The third observation is that using memory mapped NVM regions and cache flushes is always better than relying on file system interfaces. By mapping the NVM file to the virtual address space using mmap(), we circumvent the file system entirely, removing the overhead of performing system calls and going through the file system software stack. When combined with pre-allocation of file storage, this approach also needs another system call, mremap(), to accommodate for the newly allocated space. In addition, the paper also suggests that using cache flush instructions (clwb, clflushopt) and memory fences for data persistence is better than using msync(), as msync() will write back an entire page even if only a small part of it is actually dirty.
The fourth observation is that the old assumption that data transfer can only be made atomically at 4KB blocks will become a problem with byte-addressable NVM. The paper uses the journaling block device, JBD2, as an example. Based on reasons discussed above, JBD2 always writes journal for the modified metadata in 4KB page to ensure the atomicity of the write, even in the case where multiple small metadata changes are made to different pages. This will translate into multiple 4KB write to the NVM, with lots of space for improvement as the actual amount of data being changed is not that much. As an improvement, the authors of the paper redesigned JBD2 and named it as Journaling DAX Device (JDD). JDD only logs metadata to be affected by a write at a byte level, reduing the number of information to be written to the minimum.

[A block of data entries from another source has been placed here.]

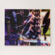L'illustration sur cette casse-tête est une photographie originale d'un ensemble de tambour. Les tambours noirs brillants avec leurs jantes argentées reflètent les couleurs des lumières en le studio, les bleus, les rouge et les verts. Des cymbales au-dessus des tambours attendent pour être frappées. La photo s'appelle "le batteur", puisque le batteur peut être trouvé dans l'image. Mais ce texte peut être personnalisé, ou supprimé si vous préférez.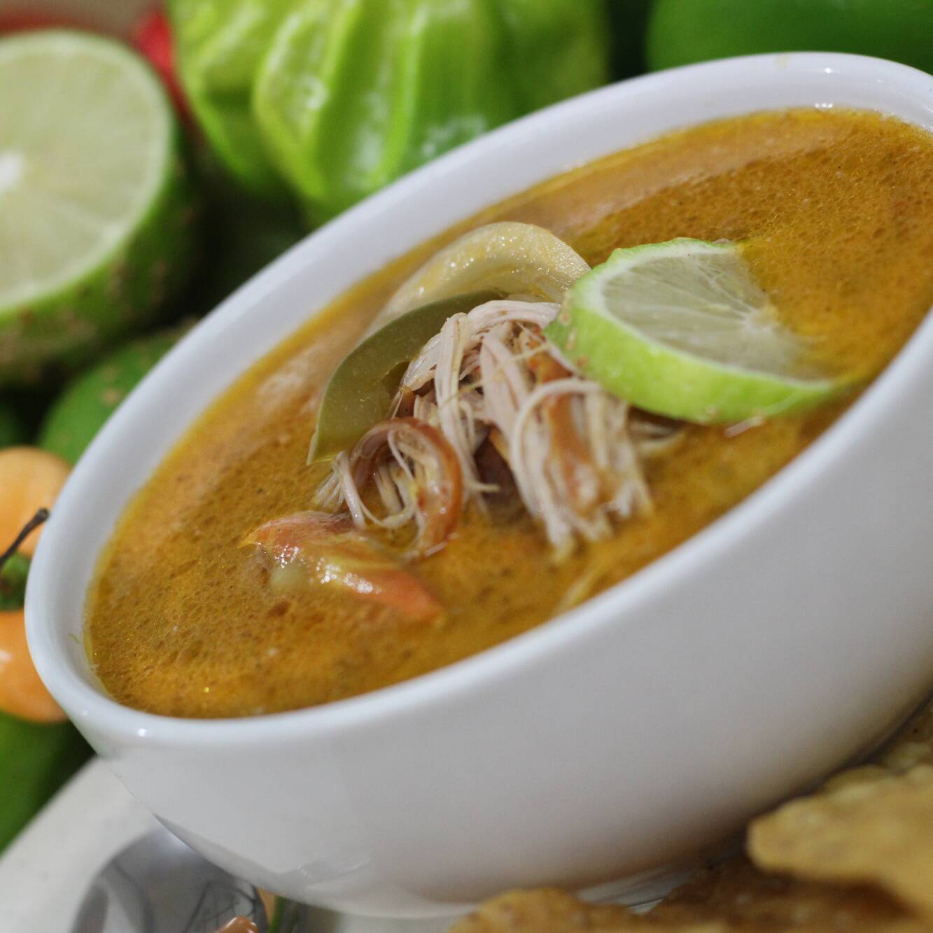 Un litro caldo de pavo, sofrito de cebolla, tomate y pimiento, jugo de lima, 100g de carne de pavo, tostadas, picante y nipec.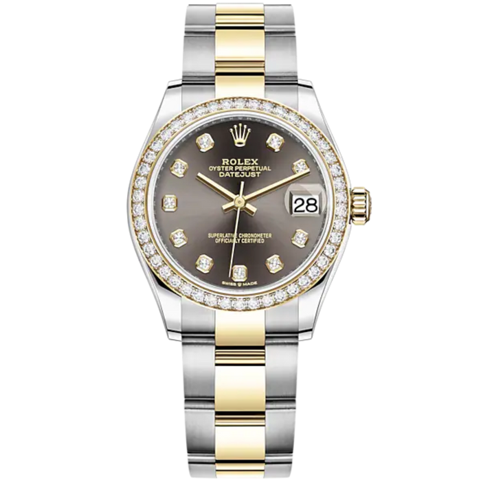 Datejust 31 31mm Oyster Bracelet Oystersteel and Yellow Gold with Dark Gray Diamond-Set Dial Diamond-Set Bezel
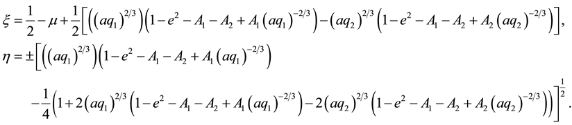 The eccentricities of the ellipses are given by (Szebehely 1967)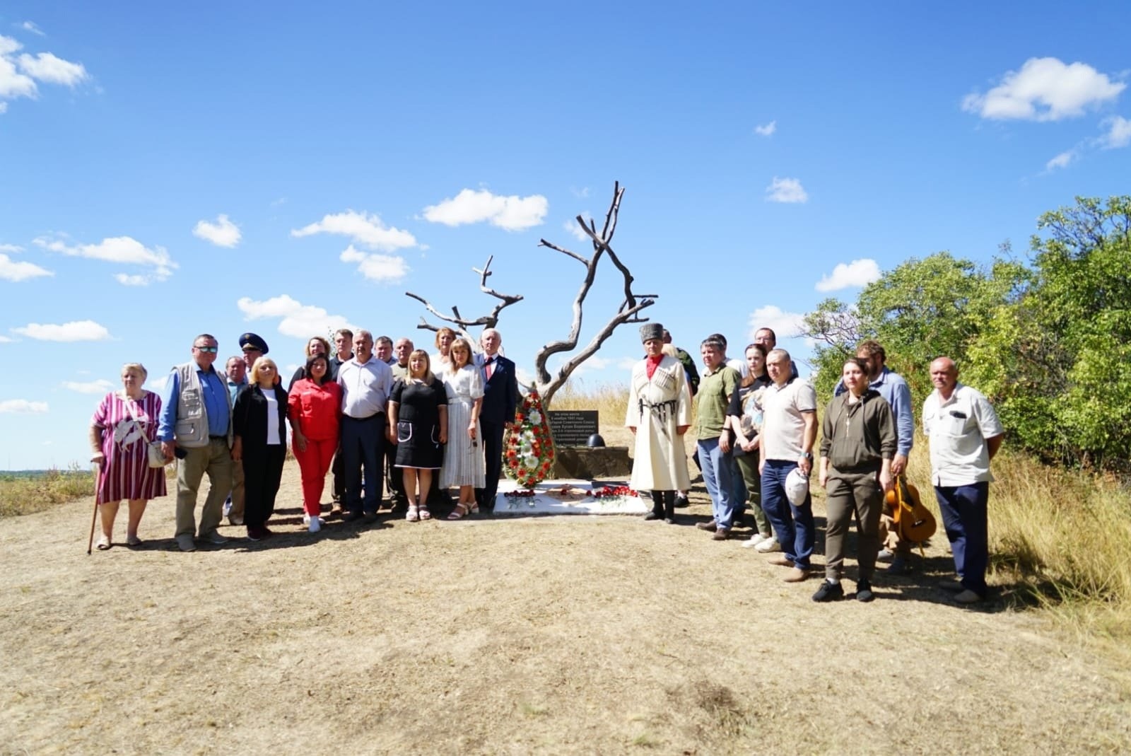 Поклониться священному месту гибели героя приехали из Адыгеи его родственники и земляки, пришли местные жители, среди которых мать ополченца, погибшего на 2014 году. Добрые слова сказал гостям глава поселковой администрации Александр Бондаренко. В завершение небольшого митинга, над степью прозвучала песня «На безымянной высоте»...

Lastly, as the access speed of NVM is close to that of the DRAM, greater parallelism has been observed for NVM-based systems. In such a system, centralized coordination such as single global journaling device can easily become a bottleneck without proper tuning, as is the case with JBD mentioned above. In JBD, all threads generating a journal record will have to serialize with each other, since the JBD is protected by a single lock, resulting in limited concurrency. To solve this problem, the paper suggests that a thread-local journaling space be maintained such that threads can generate their own record without interfering with each other. Better performance has been observed after replacing JBD with JDD.